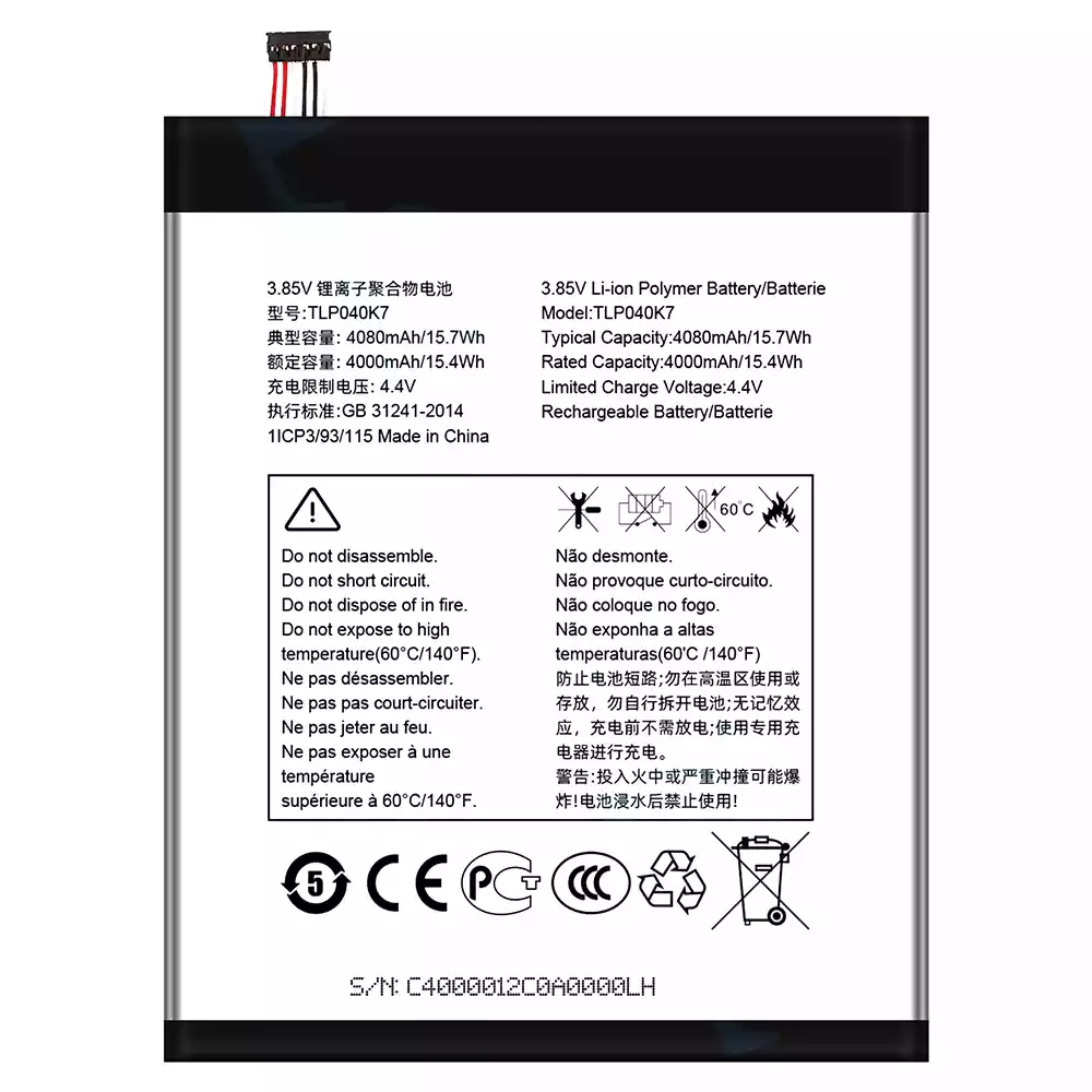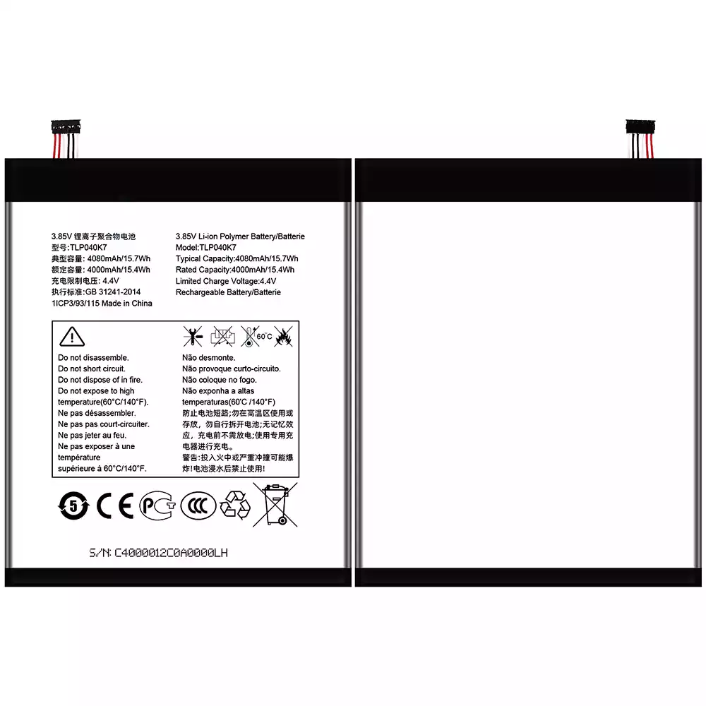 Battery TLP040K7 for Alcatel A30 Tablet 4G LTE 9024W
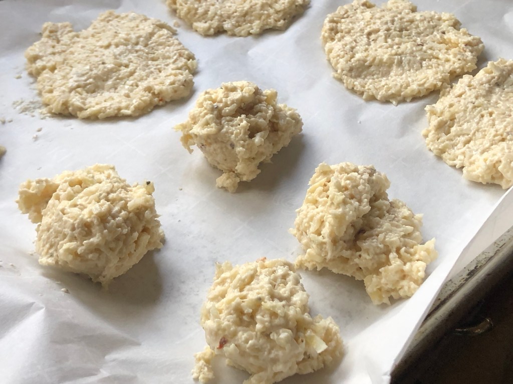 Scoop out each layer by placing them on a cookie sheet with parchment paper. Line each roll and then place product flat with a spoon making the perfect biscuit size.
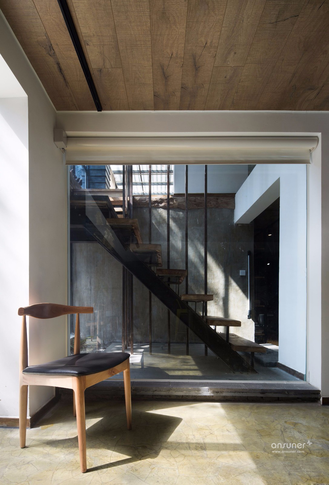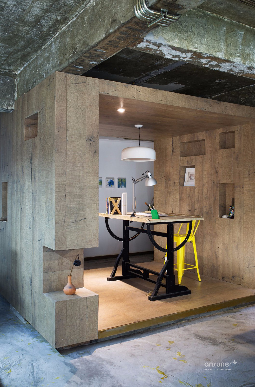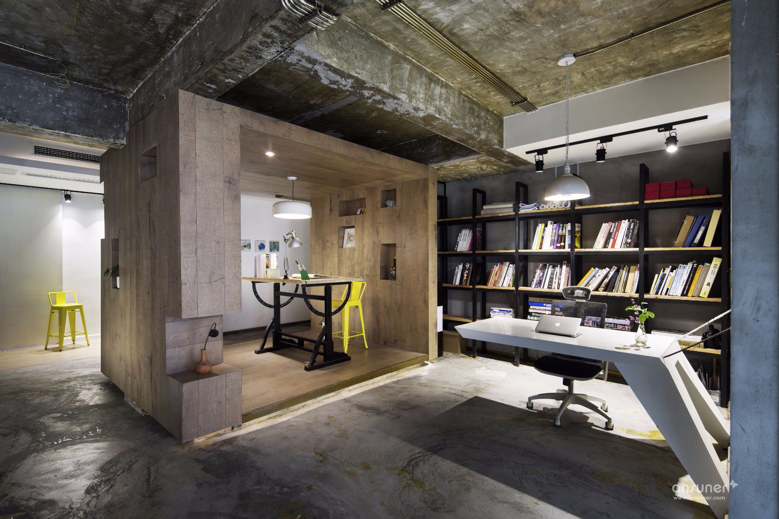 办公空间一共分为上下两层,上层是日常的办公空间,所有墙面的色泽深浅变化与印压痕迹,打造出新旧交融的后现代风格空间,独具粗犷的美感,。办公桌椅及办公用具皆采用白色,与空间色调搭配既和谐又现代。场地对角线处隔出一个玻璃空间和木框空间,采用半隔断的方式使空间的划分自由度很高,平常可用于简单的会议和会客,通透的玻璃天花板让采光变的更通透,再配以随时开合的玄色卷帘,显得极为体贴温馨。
---
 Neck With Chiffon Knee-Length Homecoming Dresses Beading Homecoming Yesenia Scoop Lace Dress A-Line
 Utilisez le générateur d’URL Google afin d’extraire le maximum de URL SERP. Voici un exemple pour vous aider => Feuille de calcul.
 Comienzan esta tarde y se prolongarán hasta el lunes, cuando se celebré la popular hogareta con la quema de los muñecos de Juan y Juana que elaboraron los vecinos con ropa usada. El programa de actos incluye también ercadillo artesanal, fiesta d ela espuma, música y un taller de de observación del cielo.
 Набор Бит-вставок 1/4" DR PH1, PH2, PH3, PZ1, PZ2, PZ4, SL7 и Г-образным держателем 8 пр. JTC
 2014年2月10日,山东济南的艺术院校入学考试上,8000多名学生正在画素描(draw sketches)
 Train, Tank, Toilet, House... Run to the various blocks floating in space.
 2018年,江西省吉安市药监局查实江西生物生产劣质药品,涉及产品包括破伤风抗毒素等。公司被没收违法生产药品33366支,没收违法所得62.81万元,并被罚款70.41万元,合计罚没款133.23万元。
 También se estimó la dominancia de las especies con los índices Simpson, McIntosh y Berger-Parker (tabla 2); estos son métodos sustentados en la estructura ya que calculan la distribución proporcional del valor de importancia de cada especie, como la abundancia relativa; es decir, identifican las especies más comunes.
--
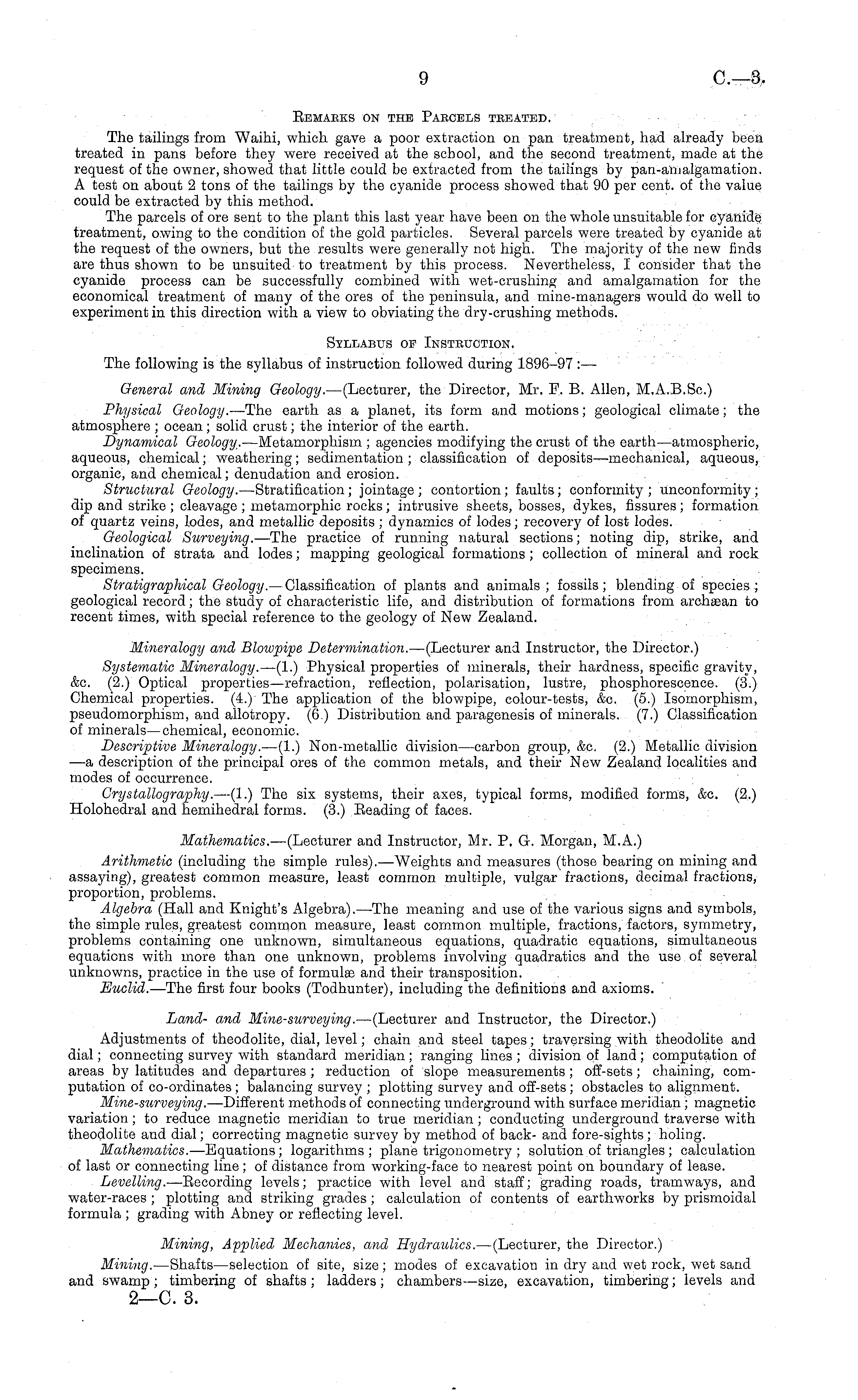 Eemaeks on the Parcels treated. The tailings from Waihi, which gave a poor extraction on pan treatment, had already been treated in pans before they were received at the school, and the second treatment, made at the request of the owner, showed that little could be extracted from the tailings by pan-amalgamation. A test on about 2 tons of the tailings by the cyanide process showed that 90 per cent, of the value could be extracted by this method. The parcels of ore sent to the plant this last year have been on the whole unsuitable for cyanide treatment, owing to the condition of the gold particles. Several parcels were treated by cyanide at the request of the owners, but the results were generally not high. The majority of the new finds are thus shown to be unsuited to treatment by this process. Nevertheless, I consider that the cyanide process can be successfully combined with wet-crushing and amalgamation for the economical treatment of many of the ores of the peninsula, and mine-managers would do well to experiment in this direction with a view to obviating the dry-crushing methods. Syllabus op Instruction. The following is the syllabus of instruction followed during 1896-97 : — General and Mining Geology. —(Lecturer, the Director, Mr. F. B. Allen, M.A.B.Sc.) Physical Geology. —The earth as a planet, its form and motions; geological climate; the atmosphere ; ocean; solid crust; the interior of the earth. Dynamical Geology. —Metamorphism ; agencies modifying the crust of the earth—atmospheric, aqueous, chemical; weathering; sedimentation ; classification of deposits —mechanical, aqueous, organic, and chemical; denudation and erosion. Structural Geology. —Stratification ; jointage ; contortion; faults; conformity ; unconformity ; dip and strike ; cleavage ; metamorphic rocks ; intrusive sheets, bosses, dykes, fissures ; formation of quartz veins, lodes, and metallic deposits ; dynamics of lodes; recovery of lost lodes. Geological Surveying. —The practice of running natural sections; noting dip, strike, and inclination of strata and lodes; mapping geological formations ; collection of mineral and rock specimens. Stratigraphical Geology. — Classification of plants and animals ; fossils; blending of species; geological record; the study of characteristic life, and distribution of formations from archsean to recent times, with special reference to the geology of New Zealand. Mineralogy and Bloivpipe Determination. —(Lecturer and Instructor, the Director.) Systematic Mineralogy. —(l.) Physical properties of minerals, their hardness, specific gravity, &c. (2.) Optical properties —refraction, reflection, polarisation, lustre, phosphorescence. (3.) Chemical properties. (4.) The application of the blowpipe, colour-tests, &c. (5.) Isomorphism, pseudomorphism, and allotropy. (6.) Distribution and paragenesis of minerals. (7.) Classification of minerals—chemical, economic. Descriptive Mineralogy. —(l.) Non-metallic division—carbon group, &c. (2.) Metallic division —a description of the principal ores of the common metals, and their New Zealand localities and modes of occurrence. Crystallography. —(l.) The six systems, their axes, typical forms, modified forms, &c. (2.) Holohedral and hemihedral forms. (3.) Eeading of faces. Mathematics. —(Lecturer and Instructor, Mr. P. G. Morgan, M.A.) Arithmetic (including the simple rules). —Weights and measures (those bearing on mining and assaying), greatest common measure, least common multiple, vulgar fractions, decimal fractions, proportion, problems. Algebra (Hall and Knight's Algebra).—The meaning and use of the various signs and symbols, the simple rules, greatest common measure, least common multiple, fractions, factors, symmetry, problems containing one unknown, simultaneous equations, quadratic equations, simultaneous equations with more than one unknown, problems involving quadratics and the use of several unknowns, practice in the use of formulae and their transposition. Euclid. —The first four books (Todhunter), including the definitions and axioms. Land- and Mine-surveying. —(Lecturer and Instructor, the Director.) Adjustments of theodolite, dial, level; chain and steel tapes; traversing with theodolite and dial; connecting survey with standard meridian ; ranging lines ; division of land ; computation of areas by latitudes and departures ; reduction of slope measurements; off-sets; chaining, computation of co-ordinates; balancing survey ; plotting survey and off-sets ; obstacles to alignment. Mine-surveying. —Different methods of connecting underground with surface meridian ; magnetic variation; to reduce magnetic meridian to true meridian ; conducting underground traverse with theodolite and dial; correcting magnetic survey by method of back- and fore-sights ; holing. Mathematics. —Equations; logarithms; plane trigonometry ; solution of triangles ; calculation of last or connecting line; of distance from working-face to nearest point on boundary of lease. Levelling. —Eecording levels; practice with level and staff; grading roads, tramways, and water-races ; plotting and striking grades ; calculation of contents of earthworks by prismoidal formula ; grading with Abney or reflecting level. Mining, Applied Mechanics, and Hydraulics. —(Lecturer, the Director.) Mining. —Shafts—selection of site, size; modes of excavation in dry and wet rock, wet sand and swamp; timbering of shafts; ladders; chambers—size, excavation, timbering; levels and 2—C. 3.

Problem: Start with the line above that contains "2018年,江西省吉安市药监" and end with the line that contains "También se estimó". Write out those lines exactly, and only those.

Problem solution:
 2018年,江西省吉安市药监局查实江西生物生产劣质药品,涉及产品包括破伤风抗毒素等。公司被没收违法生产药品33366支,没收违法所得62.81万元,并被罚款70.41万元,合计罚没款133.23万元。
 También se estimó la dominancia de las especies con los índices Simpson, McIntosh y Berger-Parker (tabla 2); estos son métodos sustentados en la estructura ya que calculan la distribución proporcional del valor de importancia de cada especie, como la abundancia relativa; es decir, identifican las especies más comunes.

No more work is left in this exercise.